Obviously, if the RBA doesn’t make those rate cuts, inflation would likely come down faster than its forecasts suggest. So really, the question of when the RBA starts cutting rates depends on how fast it wants to get inflation back to the midpoint of its target range (2.5 per cent), which is what it’s aiming for.
“That’s sort of ideally where we want to see it because, if you’re sort of at the top or bottom, the risks of being pushed out, obviously, are higher,” Ms Bullock explained. Expectation is for no rate cuts before
August Dr Ellis doesn’t think the RBA will wait until inflation is already below 3 per cent before starting to cut. “We do think that sometime later this year, probably around September, the RBA will have enough comfort that inflation is coming down quickly enough for their liking to be confident that inflation will return to their 2-3 per cent target,” she told The Business.

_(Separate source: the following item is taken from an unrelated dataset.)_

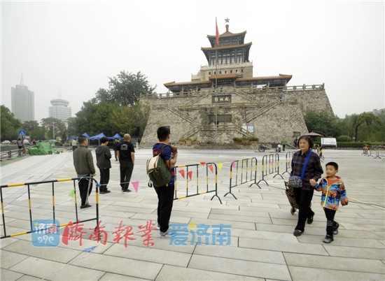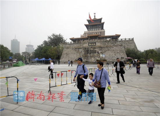9月20日,解放閣西側前廣場改造基本成型,目前已辟出專用通道供游人通行。據了解,經過一個多月的封閉改造,解放閣西側前廣場原來的瀝青路面全部鏟除,重新鋪裝上了大理石地面,總鋪裝面積達到2000多平方米。廣場綠化帶也進行了改造,種植了塔松、元寶楓等植被,面積達到200多平方米。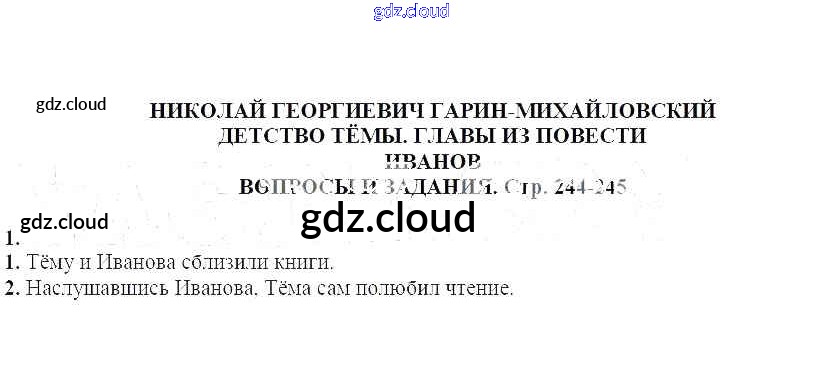 Вопросы и задания Николай Георгиевич Гарин-Михайловский. Детство Тёмы. Главы из повести. Иванов по Литературе 6 класс Учебник-хрестоматия Курдюмова Вертикаль Часть 1, 2 Дрофа

“So we think that they’ll be able to reduce the amount of restriction that their policies are creating on the economy. The economists at the other big banks have broadly similar forecasts, which were also unchanged by Tuesday’s RBA communications. The few analysts who were tipping interest rate cuts as early as May, such as Capital Economics, have generally pushed back their expectations by a few months. And market pricing did ease somewhat after Tuesday’s RBA communications blitz. May had last week been seen as a 50/50 bet for a rate cut, with June as the near certainty. In conclusion, the RBA has now got most economists and traders aligned that the first rate cut won’t be until at least August, and there will probably be another before this year ends.
Now all it needs is for the economic data to match its forecasts — something that is notoriously rare.